A fuzzing server which generates input using a markov chain.
Built using go 1.14 on Linux Mint
See the WAV branch for half baked WAV tokenizing support.
The easiest way to use this program is through docker. The dock.sh
runs the program against the mozilla application on port 8080 by default.
./dock.sh
curl localhost:8080/fuzzing-corpus/xml/mozilla
You can also run on your local machine. The program requires gomarkov, which should be automaticly downloaded using go run .
. The default port is :8080
.
go run . -port=8080 corpus-directory1 corpus-directory2
One of the features of my implimentation is allowing for multiple markov chains in the same server. By default, they are given as a list of arguments, with each entry coresponding to a directory which will be fed into a markov chain. They are then automaticly served on their directory name. For example:
go run . -port=8080 corpus-directory1 corpus-directory2
curl localhost:8080/corpus-directory1
curl localhost:8080/corpus-directory2
This code will create two markov chains, one based on corpus-directory1, and the second based on corpus-directory2. These are indepent markov chains.
There is also an option in the code to change the directory on which these chains are served.
Submit a json post request to api endpoint coresponding to the chain you want to modify to add the new input to the chain and save the data for later use.

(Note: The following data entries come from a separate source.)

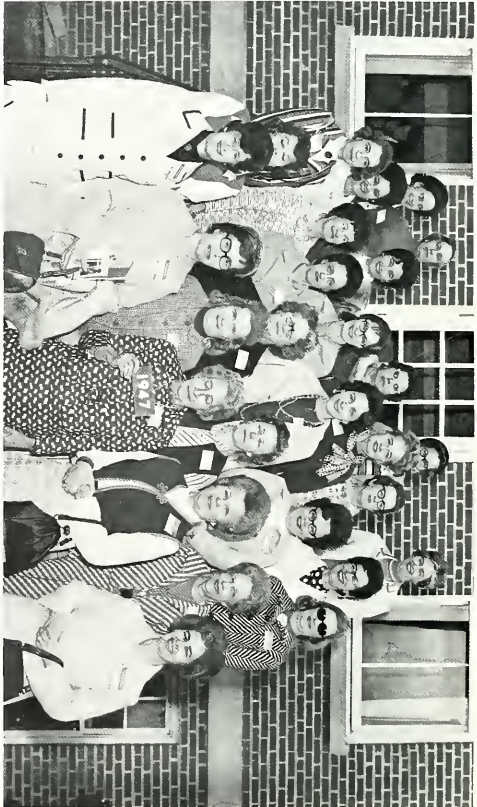
Class of 1947
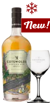
COTSWOLD GINGER GIN 46% NET £27.70

BUY ANY 6 BOTTLES OF COTSWOLD AND GET 6 FREE GLASSES
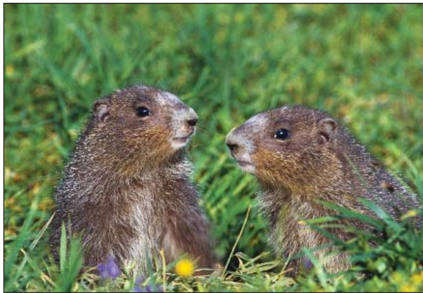
Vulnerable. Marmots, like these from Olympic Peninsula in Washington state, are declining too.
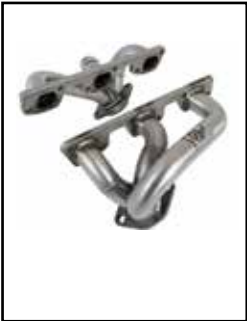
Twisted Steel Header
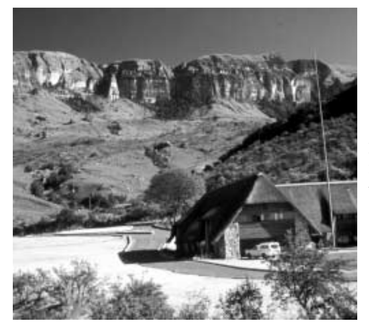
A well-designed entrance and visitor information centre at Royal Natal NP, South Africa.
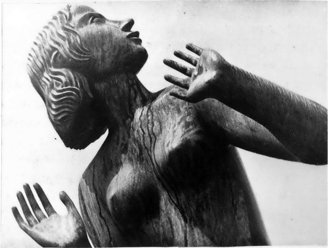
Figure 2 - Be Scientific
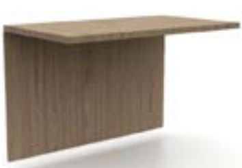
Finished back panel
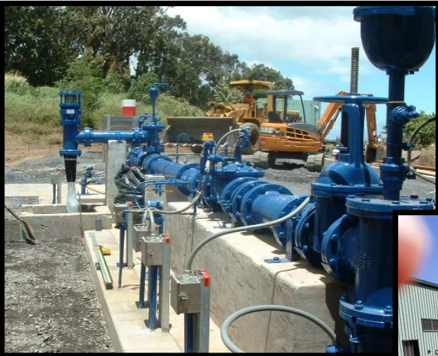
49 Groundwater Sources – Wells - Not all Active -
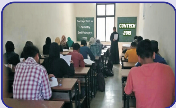
Participated students at Avishkar regional Competition at Sadhu Vaswani Institute of Management
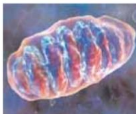
MITOCHONDRIA; THE BODY'S CELLULAR POWERPLANT

Acidity or alkalinity of our internal fluids has a profound effect even at the individual cellular level
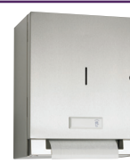
DP 3107 page 103
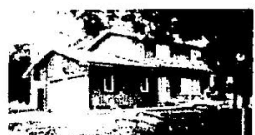
$189,900. EXCELLENT FARM

The panoramic view from the balcony of this stately stone home is breathtaking! If you're looking for a farm with a 1 acre pond plus spring fed pond, barn and a home with space this may be it!! 3 big bedrooms, large living & dining rooms, family room with fireplace, plenty of cupboards in country kitchen - Call for further information.
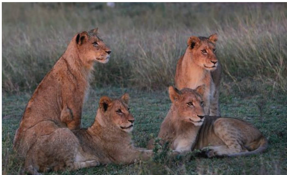
Figure 1. Lions ( Panthera leo ).

Acoustic communication is vital for any living being. An antelope unable to hear a lion pride sneaking up on it ( Figure 1 ) will be dinner for those lions, especially at night when visual cues are minimal. On the other side of the coin, predators unable to hear the rustling of prey will go hungry for a long time, likely leading to starvation. Across the animal kingdom, acoustic communication is also used for mate attraction, courtship rituals, offspring detection and recognition, territoriality, conflict resolution, coordinating hunts, and alarm signaling. Although some animals will use multiple sensory modalities across these communication contexts, acoustic communication has the benefit of traveling long distances, not requiring a direct line for communication, and working day, night, or in dense environments. Acoustic signals can also be cryptic, such as narrowband high-frequency predator detection signals, which can be sent to warn conspecifics about danger without giving away the sender's location (Bradbury and Vehrencamp, 2011).
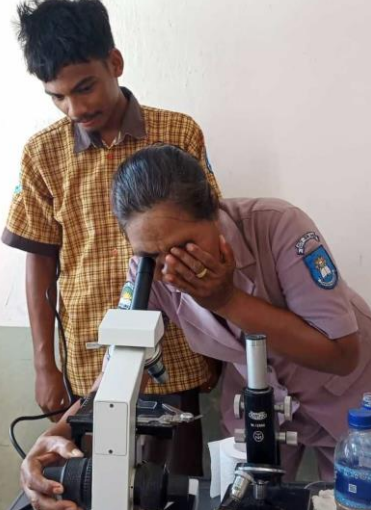
Students and teachers regularly borrow the books and science equipment at the Suai Secondary school library
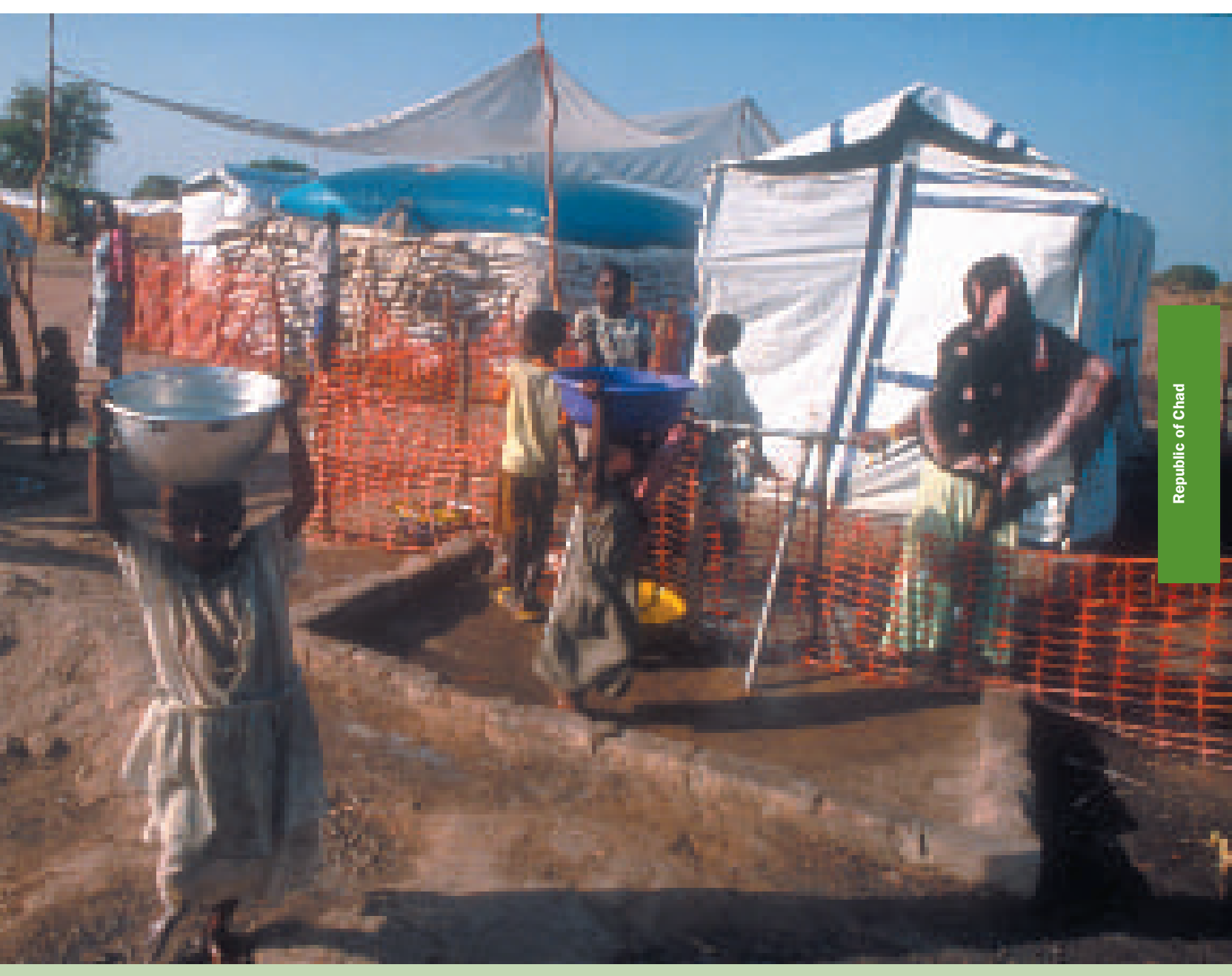
During 2003, some 33,000 refugees from the Central African Republic found shelter in towns in southern Chad. Here, refugees have free access to fresh water.

adequately. The Office assisted the voluntary repatriation of 88 Congolese to DRC and one family to Rwanda. No resettlement took place during the year.
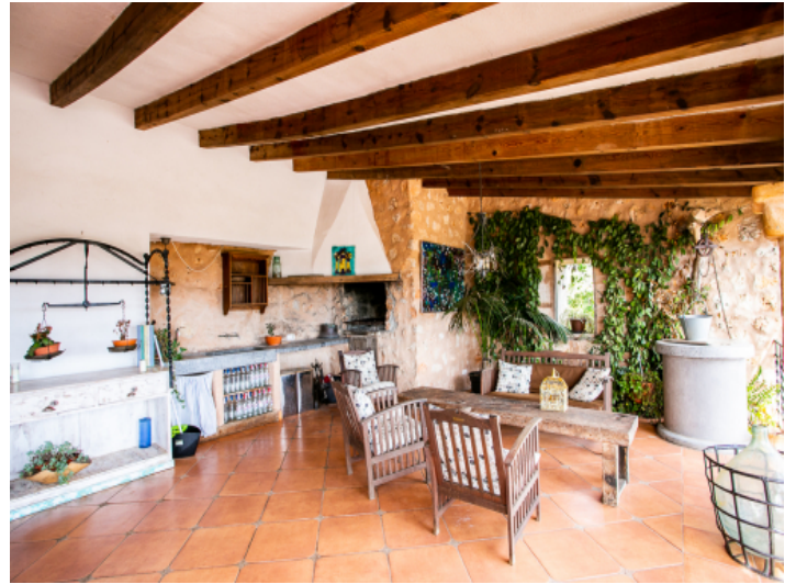
Large, covered terrace with bbq area
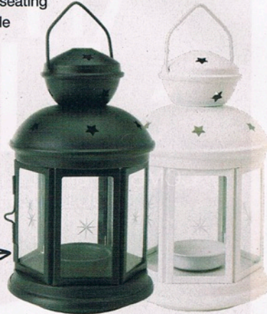
LANTERNS, IKEA, $4 each, ikea-usa.com

GET MORE BANG FOR YOUR BUCK BY PURCHASING A PATIO SET AND SEPARATING SOME OF THE PIECES TO DECORATE MORE THAN ONE AREA.
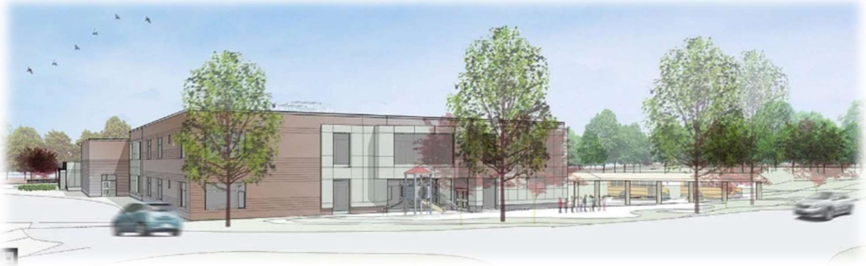
Nelson Place School ( Opened August 2017 )

Nelson Place School – Major Renovation or Replacement Project
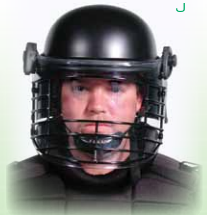
Front view of Model JCR100C.
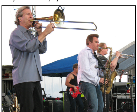
Chicago in the Grandstand, 2008

for the first time, rocking out to your favorite artist, riding the ferris wheel with your first boyfriend, performing on the Front Porch, or eating cheese curds you've waited all year to enjoy.
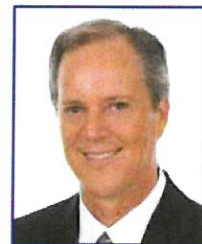
Beam Furr Broward County Commissioner
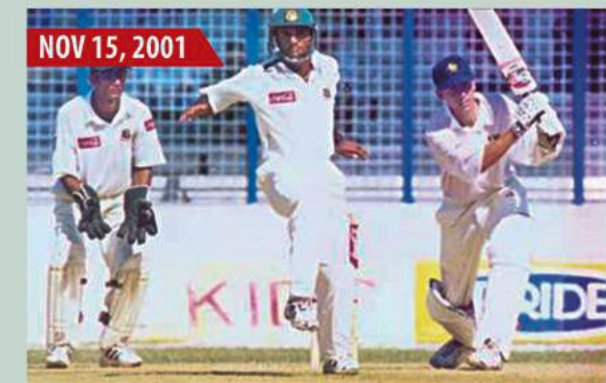
Bangladesh played Zimbabwe a year later at the MA Aziz Stadium's inaugural Test in Chattogram. It was another loss for the hosts, this time by 8 wickets.
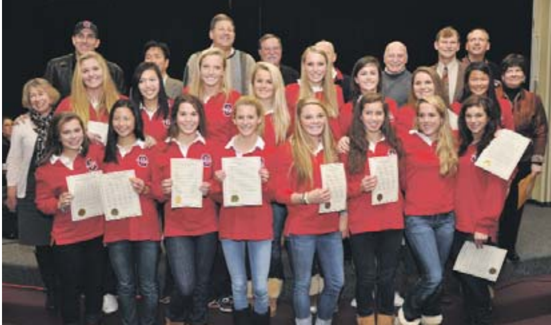
Campolindo's varsity water polo team (et al)

From the grid iron to green to summer swim team, taking pride in our young athletes is a staple of the Lamorinda community, its parents, its educators and its administrators.
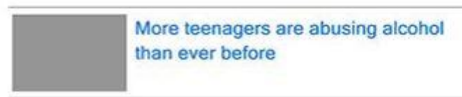
Figure 2. An example of a news headline presentation in the experiment

An example of the presentation of a headline is shown in Figure 2.
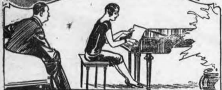
THE "KING OF JAZZ" IS IMPRESSED WITH THE NEW PIECE OF MUSIC
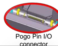
Pogo Pin I/O connector
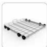
WGB-Z04 Lower level basket frame To load tray and shelf H79, W529, D546mm
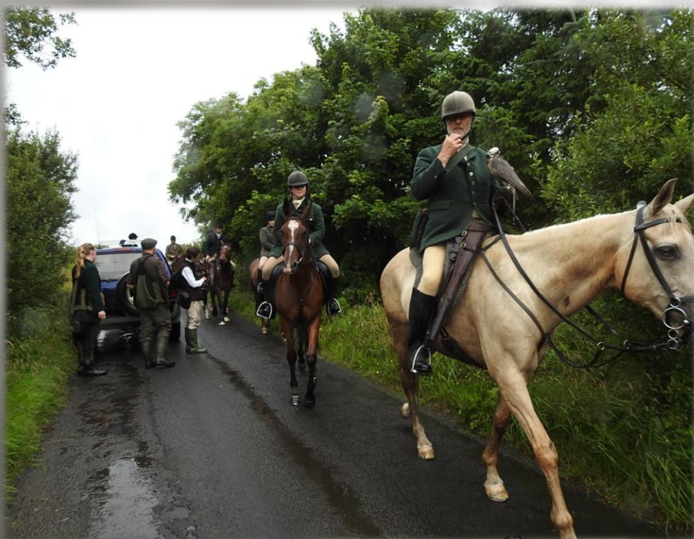
Horses and Falcons ready for a day's hawking

The post request should follow the same form as the input:
{"Input": "base64..."}
See post.sh
for an example of how to post json using curl. post.sh
contains generated input which can be used to check the "live updates" functionality.
The program is roughly split into three compontents:
- server.go
- markov.go
- tokenizer.go
The goal of this was to provide some sense of modularity. In the future, you may want to use a Neural Net instead of a markov chain, or you may want to use a different tokenizer for MP3 files vs http files, and the modular design allows for easier transitions between these modes.
While the parsing would be a good place to impliment goroutines, I felt the like the complexity was too much for this short of a project. Especially because parsing all of mozilla is still < 1 second.
Well you can change both of them, but that involves changing the source code. Ideally, these would both be command line options, but that would take longer to impliment. Ideally, you could extend this server as a package, which would allow for easy modification.